Instructions for the task: Could you set down the listing below exactly, leaving out its pictures?

Source data:
━━━━━━━━━━

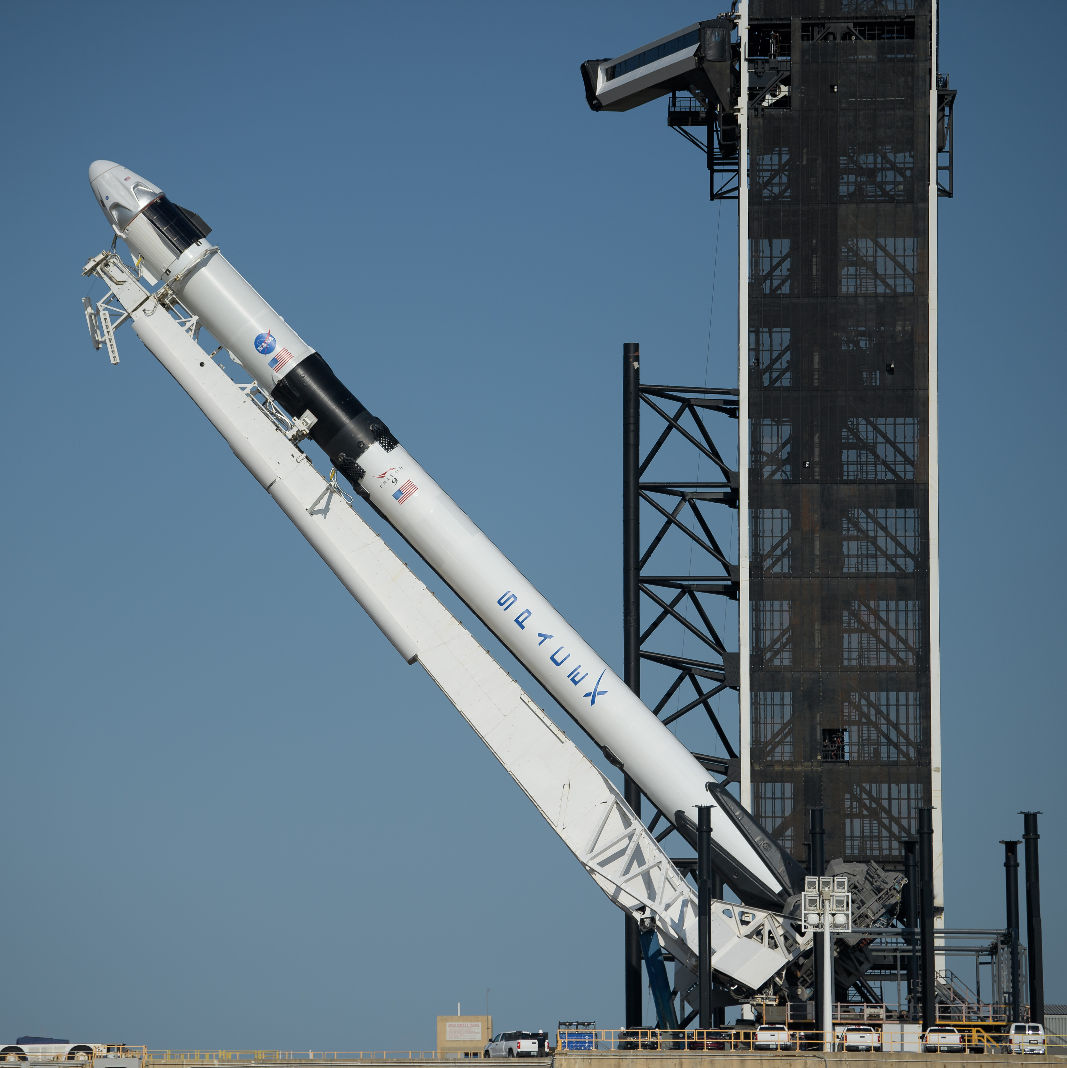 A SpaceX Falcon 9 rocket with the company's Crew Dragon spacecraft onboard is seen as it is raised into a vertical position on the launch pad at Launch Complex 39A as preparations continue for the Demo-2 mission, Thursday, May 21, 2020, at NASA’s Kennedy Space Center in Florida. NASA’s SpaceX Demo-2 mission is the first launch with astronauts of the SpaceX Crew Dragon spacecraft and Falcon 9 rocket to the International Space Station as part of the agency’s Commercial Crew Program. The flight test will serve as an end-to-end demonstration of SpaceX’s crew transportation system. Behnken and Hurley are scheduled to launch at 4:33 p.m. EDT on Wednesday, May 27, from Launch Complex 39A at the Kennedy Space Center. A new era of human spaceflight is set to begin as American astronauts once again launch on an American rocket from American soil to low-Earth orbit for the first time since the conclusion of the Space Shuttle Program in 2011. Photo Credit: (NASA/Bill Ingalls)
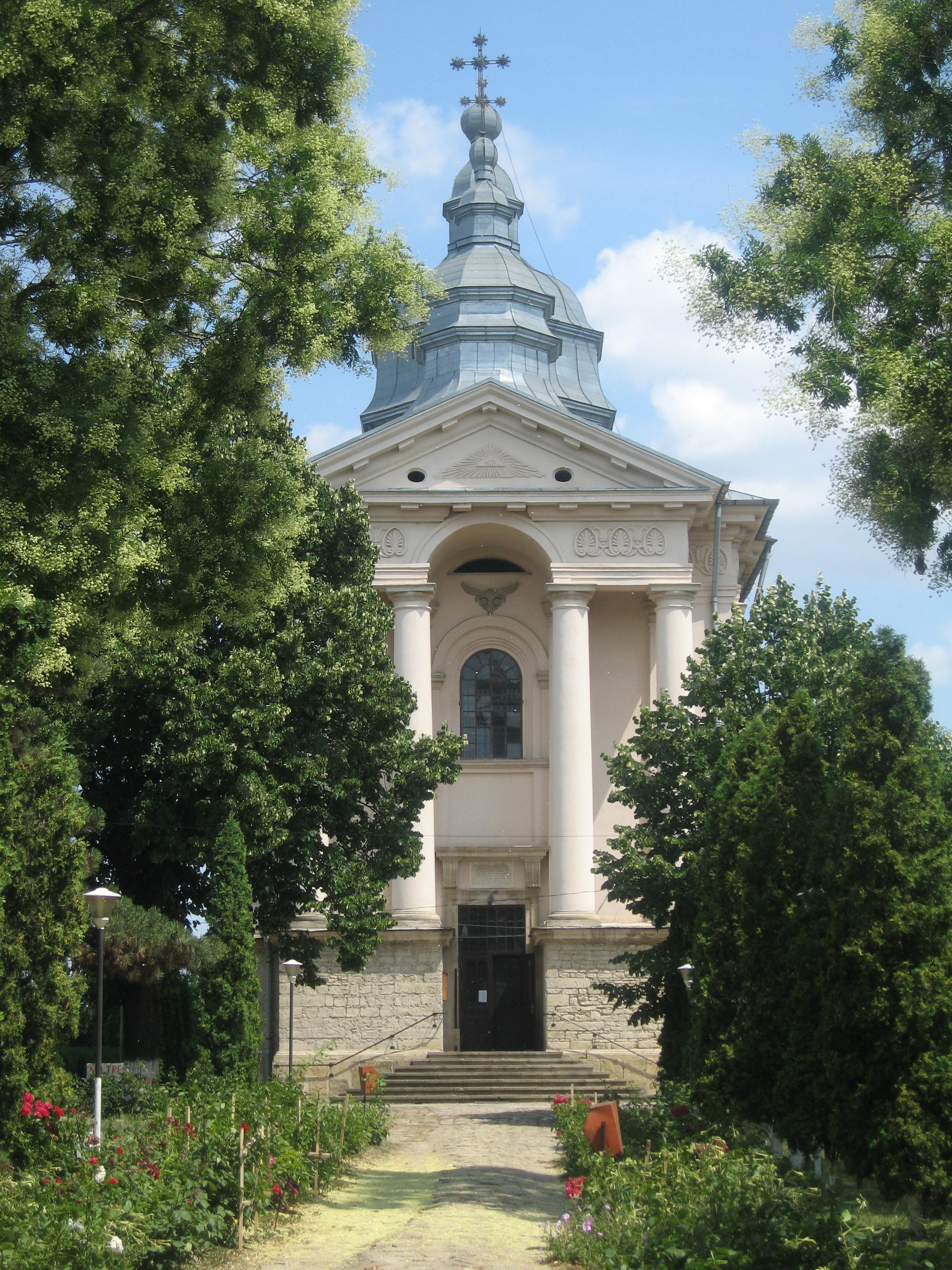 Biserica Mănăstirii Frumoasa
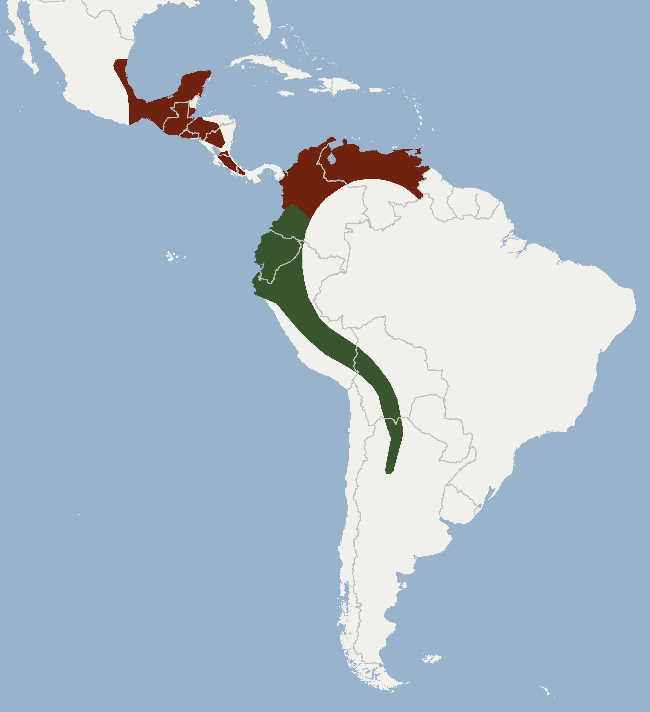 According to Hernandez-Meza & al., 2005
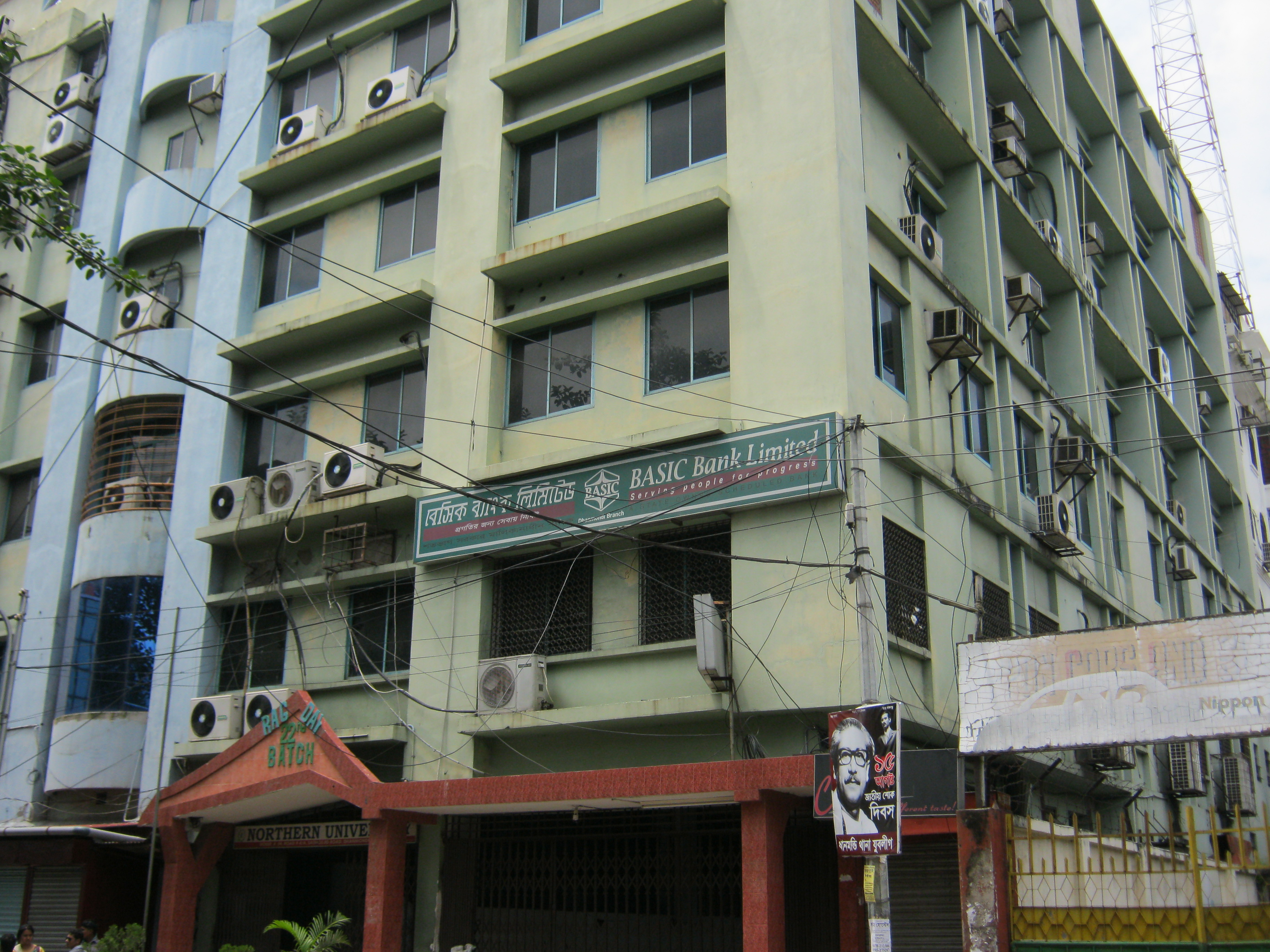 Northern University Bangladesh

━━━━━━━━━━

Answer to the exercise:
 A SpaceX Falcon 9 rocket with the company's Crew Dragon spacecraft onboard is seen as it is raised into a vertical position on the launch pad at Launch Complex 39A as preparations continue for the Demo-2 mission, Thursday, May 21, 2020, at NASA’s Kennedy Space Center in Florida. NASA’s SpaceX Demo-2 mission is the first launch with astronauts of the SpaceX Crew Dragon spacecraft and Falcon 9 rocket to the International Space Station as part of the agency’s Commercial Crew Program. The flight test will serve as an end-to-end demonstration of SpaceX’s crew transportation system. Behnken and Hurley are scheduled to launch at 4:33 p.m. EDT on Wednesday, May 27, from Launch Complex 39A at the Kennedy Space Center. A new era of human spaceflight is set to begin as American astronauts once again launch on an American rocket from American soil to low-Earth orbit for the first time since the conclusion of the Space Shuttle Program in 2011. Photo Credit: (NASA/Bill Ingalls)
 Biserica Mănăstirii Frumoasa
 According to Hernandez-Meza & al., 2005
 Northern University Bangladesh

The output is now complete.